NeoCarbon

Capturing carbon at scale with cooling towers

NeoCarbon uses existing infrastructure in the form of cooling towers to perform Direct Air Capture (DAC) up to 10 times cheaper and faster, making DAC mass-market ready. Millions of existing cooling towers around Europe continuously circulate massive amounts of air to remove heat from industrial plants and buildings. By efficiently retrofitting those towers, NeoCarbon removes the carbon dioxide from this air at very low additional cost.

NeoCarbon Team The NeoCarbon Team from left to right: Koji Muto (Business Development), Johann Schulze Dorfkönig (Business Development), René Haas (Co-Founder & CEO), Andrew Shamu (Head of R&D), Silvain Toromanoff (Co-Founder & CTO), Thibault Mousseau (Engineering), Guillaume Janin (Business Development)

Due to the tiny fraction of CO2 in the ambient air, traditional DAC installations require extremely costly infrastructure with gigantic fans, along with high heat requirements for the chemical process, driving costs even further up.
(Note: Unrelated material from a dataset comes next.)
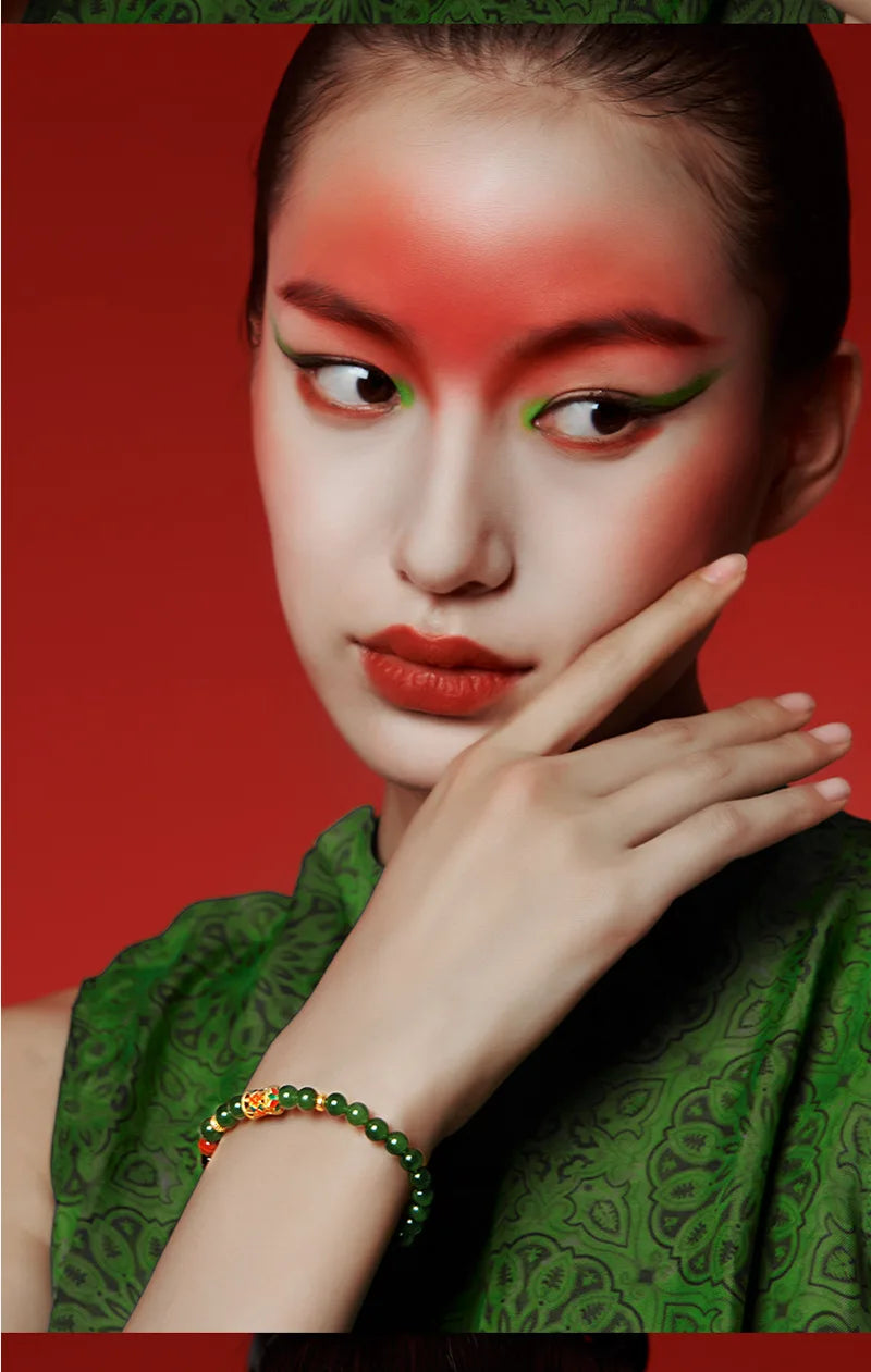 As the ancients taught, virtue attracts harmony. Whether you read the piece as a feng shui ally, a Daoist miniature, or simply a beautiful object, its promise is practical: to remind, to comfort, and to adorn. The green transfer beads will gleam differently with each wearer and each hour, responding to skin tone, light, and movement — a small, living jewel that ages into memory.

However, there are already millions of cooling towers processing vast amounts of ambient air and with huge inherent waste heat, which NeoCarbon’s process leverages to drastically cut down costs and deployment speed for DAC. Thus, NeoCarbon contributes to enabling the capture of gigatons of CO2 per year by 2050, needed to keep climate change from irreversible catastrophic levels according to the IPCC.

NeoCarbon Logo

The NeoCarbon team combines a wide range of expertise, from engineering, R&D to industry experience and business know-how. René is NeoCarbon's first Co-Founder and CEO. Originally an industrial engineer, René has most recently been scaling teams to over 100 people at tink. Silvain is NeoCarbon’s second Co-Founder and CTO. Also an engineer, he is a second-time founder and exited his previous company in 2019. Andrew is NeoCarbon’s Head of R&D. He is an expert in carbon technologies with a PhD and industry experience in the field.

The NeoCarbon team validated demand by signing strategic partnerships and first customer Letters of Intent (LOIs). The Berlin-based start-up is also currently building a first minimum viable product (MVP). Together with support from Munich Re and ERGO, the team wants to move from MVP level to a commercial pilot and work on their go-to-market strategy.